• [WHAT TO DO]: Every line of the listing below must be printed again exactly, apart from its pictures.

• [SUPPLIED MATERIAL]:
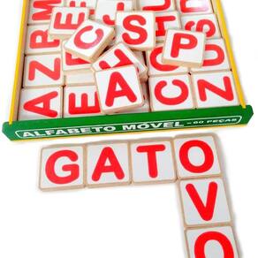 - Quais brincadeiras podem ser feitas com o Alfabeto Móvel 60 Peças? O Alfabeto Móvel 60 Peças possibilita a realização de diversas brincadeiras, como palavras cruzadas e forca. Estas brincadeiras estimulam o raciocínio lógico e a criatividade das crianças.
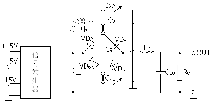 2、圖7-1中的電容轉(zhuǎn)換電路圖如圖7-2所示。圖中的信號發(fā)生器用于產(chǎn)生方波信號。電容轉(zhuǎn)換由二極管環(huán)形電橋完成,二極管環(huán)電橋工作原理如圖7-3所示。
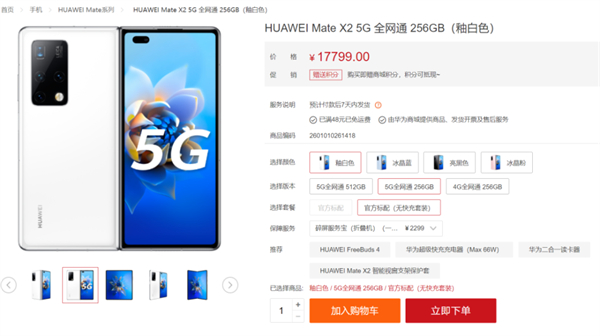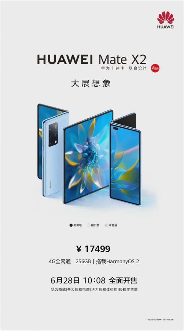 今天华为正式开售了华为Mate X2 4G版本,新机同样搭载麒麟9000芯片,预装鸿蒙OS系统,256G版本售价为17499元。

• [RESULT FOR THIS EXERCISE]:
 - Quais brincadeiras podem ser feitas com o Alfabeto Móvel 60 Peças? O Alfabeto Móvel 60 Peças possibilita a realização de diversas brincadeiras, como palavras cruzadas e forca. Estas brincadeiras estimulam o raciocínio lógico e a criatividade das crianças.
 2、圖7-1中的電容轉(zhuǎn)換電路圖如圖7-2所示。圖中的信號發(fā)生器用于產(chǎn)生方波信號。電容轉(zhuǎn)換由二極管環(huán)形電橋完成,二極管環(huán)電橋工作原理如圖7-3所示。
 今天华为正式开售了华为Mate X2 4G版本,新机同样搭载麒麟9000芯片,预装鸿蒙OS系统,256G版本售价为17499元。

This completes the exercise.